Creating the data files

The data itself must be stored in one or more CSV files. CSV, which stands for "comma-separated values", is an extremely simple data format that's supported by a large number of applications. In the case of Miga, the top row of each CSV file must be a header row, that holds the names of each column.

There are various ways to generate a CSV file. You can actually create one manually, if your data isn't stored in some structured way already:

Using the importers

There are three importer scripts that connect to an outside system (at the moment, all three connect to different types of MediaWiki wikis) and create a CSV file based on its data. All three are PHP scripts, that require creating a separate file that describes the relevant aspects of the outside system, and then passing that file as an argument to the script.

The other file, known as the "import settings" file, must also be in PHP - it needs to define variables for the import, and it can also optionally include custom handling code for specific fields, although ideally that is not necessary.

You would call an importer in the following way:

php [importer-name] [import-settings-file]

An example would be:

php ../../importers/MediaWikiImporter.php FruitsImportSettings.php

(This assumes that the importer script is being called from within the directory for this app, i.e. /apps/app-name.)

There should be one import settings file per CSV file; and thus, if an app has more than one CSV file, it can have multiple import settings files. In fact, it's possible for an app to have different files from different systems, although in practice this may be unlikely.

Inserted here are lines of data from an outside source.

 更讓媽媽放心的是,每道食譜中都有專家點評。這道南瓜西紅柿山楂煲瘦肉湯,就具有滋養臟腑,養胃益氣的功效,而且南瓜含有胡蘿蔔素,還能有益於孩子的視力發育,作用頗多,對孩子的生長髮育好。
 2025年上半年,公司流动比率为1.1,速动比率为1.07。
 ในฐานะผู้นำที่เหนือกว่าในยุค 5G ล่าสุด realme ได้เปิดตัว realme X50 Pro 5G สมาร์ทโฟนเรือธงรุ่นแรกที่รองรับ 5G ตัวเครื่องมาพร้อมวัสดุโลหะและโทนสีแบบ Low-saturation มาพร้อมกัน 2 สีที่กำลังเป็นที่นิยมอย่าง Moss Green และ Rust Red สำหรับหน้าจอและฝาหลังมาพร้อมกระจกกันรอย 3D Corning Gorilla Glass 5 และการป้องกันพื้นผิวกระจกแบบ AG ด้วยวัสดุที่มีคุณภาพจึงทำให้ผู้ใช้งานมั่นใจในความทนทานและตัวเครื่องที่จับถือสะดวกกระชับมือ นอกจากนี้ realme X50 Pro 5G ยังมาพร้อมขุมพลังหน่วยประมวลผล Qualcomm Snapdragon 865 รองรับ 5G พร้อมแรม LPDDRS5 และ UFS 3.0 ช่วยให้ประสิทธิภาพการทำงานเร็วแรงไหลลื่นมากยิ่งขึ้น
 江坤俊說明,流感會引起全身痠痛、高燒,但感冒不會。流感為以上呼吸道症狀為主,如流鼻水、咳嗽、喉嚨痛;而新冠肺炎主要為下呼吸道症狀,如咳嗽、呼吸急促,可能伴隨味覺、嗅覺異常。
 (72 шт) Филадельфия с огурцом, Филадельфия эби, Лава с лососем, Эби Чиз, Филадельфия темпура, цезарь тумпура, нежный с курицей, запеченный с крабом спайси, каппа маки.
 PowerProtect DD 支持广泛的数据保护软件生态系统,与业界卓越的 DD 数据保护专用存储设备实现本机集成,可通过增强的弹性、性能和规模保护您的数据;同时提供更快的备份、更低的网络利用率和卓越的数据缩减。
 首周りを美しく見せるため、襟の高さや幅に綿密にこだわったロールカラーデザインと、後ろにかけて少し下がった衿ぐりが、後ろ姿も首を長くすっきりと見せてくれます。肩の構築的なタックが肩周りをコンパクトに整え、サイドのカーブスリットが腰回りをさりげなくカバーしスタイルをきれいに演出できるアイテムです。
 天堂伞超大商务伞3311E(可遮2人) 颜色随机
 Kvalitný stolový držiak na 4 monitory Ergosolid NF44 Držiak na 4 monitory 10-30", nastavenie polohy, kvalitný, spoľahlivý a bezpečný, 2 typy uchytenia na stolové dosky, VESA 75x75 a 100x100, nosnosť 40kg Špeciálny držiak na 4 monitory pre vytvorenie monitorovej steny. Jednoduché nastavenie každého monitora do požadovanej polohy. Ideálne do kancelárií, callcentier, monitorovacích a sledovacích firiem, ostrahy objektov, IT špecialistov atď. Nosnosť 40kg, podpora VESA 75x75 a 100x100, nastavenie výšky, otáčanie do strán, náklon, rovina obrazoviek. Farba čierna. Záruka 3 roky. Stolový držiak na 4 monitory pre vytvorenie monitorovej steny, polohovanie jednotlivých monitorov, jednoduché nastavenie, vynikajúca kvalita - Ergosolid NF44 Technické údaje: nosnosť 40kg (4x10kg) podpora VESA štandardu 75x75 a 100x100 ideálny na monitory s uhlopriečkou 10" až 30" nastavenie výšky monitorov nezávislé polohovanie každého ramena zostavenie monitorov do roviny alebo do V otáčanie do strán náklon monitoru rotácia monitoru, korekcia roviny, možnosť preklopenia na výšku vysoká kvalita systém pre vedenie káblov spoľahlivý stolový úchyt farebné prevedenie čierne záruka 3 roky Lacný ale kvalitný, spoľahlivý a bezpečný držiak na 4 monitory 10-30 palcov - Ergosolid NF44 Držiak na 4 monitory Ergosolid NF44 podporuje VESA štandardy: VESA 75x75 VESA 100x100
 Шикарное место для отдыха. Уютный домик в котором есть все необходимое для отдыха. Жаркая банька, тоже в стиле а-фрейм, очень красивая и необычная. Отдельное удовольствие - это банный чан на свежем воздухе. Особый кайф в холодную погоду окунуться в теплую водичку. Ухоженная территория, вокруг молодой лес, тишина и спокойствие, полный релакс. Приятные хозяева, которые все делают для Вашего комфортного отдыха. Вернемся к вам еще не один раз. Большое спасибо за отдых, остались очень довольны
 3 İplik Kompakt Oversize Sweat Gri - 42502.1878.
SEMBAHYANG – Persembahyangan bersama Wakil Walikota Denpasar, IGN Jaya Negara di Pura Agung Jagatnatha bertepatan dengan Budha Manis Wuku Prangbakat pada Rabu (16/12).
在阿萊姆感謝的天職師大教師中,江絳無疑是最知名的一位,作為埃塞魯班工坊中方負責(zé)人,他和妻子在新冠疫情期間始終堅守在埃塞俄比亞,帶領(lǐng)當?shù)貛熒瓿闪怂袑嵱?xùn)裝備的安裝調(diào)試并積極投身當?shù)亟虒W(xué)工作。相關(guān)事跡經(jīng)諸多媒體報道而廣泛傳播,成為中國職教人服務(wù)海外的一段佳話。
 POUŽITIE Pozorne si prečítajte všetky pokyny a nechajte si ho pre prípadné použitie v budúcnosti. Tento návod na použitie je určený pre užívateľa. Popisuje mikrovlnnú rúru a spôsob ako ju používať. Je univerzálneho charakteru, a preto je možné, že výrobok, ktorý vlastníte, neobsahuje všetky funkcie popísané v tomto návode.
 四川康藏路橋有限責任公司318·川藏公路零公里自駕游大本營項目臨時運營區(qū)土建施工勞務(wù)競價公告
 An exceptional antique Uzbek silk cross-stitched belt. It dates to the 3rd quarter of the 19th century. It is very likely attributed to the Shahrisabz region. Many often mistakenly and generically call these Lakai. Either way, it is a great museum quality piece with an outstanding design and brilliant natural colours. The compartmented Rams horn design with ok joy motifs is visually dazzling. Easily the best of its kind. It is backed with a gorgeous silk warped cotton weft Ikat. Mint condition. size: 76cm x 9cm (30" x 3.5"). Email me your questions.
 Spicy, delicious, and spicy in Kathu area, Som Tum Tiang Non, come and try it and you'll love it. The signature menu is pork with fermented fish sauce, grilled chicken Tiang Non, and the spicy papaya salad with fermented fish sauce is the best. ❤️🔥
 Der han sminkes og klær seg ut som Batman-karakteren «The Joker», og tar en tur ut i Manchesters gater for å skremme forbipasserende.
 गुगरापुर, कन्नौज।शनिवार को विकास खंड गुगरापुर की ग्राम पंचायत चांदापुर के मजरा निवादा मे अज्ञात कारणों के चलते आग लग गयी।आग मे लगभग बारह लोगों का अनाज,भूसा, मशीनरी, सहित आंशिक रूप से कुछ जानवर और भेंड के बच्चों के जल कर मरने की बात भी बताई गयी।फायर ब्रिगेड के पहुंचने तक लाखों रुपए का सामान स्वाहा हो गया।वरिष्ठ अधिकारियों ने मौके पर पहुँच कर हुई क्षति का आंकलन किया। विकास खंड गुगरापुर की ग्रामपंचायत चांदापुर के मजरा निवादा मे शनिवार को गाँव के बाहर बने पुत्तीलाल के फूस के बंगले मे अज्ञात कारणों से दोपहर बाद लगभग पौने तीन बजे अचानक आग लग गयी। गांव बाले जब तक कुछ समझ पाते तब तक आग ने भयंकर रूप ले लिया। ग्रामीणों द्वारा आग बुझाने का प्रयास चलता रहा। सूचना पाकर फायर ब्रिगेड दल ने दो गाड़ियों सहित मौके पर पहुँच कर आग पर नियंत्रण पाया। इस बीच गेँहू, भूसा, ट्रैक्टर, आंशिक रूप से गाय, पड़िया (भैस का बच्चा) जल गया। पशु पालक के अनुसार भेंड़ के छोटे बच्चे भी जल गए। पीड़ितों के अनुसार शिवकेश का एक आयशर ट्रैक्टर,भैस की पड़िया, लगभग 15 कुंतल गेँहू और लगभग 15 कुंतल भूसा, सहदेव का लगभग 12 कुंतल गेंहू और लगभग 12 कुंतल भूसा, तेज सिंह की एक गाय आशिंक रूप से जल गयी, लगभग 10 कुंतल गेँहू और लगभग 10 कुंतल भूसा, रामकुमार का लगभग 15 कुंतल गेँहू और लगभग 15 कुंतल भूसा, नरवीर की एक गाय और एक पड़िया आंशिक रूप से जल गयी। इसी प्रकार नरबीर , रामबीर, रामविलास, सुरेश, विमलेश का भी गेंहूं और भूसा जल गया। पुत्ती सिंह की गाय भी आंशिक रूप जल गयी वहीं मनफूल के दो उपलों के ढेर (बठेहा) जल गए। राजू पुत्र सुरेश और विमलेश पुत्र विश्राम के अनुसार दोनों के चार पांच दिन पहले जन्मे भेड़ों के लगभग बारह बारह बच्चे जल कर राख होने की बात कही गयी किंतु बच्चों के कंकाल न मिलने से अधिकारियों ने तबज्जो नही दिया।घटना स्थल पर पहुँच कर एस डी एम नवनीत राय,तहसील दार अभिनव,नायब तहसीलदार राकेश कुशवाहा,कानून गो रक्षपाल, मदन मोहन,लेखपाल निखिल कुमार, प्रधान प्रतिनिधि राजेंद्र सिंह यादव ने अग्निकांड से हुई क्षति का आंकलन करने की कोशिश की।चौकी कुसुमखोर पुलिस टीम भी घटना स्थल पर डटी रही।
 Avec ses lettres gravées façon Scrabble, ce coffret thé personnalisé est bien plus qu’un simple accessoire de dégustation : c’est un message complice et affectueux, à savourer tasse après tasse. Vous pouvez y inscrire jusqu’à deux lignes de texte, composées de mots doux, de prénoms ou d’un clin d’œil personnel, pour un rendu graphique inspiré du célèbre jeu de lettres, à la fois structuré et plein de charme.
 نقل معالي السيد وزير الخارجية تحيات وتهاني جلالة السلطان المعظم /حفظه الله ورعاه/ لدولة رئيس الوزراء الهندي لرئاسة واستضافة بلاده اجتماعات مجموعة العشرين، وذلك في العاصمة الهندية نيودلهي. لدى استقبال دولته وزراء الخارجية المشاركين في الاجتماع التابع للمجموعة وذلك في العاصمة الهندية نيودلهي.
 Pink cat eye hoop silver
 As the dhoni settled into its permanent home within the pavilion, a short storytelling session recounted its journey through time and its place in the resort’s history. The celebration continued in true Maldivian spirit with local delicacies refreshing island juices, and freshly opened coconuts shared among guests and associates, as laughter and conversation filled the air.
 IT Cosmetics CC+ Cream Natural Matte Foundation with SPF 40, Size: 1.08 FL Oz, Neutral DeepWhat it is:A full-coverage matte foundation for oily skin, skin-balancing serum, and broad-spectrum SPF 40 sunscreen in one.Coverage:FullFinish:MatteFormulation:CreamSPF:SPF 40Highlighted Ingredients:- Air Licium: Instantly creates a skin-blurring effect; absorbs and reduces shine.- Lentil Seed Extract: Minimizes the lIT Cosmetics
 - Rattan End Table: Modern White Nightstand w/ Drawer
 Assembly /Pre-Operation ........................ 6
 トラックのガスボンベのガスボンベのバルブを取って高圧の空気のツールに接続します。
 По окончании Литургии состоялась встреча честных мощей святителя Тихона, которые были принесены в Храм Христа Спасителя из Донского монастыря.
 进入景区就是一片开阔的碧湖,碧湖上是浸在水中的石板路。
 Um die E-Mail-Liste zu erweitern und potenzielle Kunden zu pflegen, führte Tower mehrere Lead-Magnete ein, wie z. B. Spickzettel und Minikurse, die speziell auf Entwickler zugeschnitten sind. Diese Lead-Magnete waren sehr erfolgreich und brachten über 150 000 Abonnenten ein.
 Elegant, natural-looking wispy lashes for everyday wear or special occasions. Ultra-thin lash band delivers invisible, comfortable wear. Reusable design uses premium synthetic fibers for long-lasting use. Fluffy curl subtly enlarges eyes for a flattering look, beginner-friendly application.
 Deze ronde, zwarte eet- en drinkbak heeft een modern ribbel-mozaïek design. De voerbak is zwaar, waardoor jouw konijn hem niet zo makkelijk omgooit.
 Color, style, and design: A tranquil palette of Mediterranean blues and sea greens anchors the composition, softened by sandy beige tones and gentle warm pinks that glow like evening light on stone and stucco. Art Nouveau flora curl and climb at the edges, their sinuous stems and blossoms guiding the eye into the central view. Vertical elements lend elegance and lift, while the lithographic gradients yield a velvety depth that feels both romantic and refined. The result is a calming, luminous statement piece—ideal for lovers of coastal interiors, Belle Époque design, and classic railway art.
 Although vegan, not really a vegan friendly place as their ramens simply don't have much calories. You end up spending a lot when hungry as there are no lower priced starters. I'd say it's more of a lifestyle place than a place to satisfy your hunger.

There are some variables that are common across all importers:

MediaWikiImporter.php

The MediaWiki importer gets all its data from infobox templates within the pages of a MediaWiki-based wiki - Wikipedia or otherwise. There are three ways to specify the set of pages whose data will be extracted:

The variable $gImportAPIURL holds the API URL of the wiki being accessed - this is where the request is made to get the list of pages in a category, or the list of pages that call a certain template.

The variable $gImportWikiSubstring holds the substring prepended to page names in order to generate the URL for that page, if there's a "_url" field specified.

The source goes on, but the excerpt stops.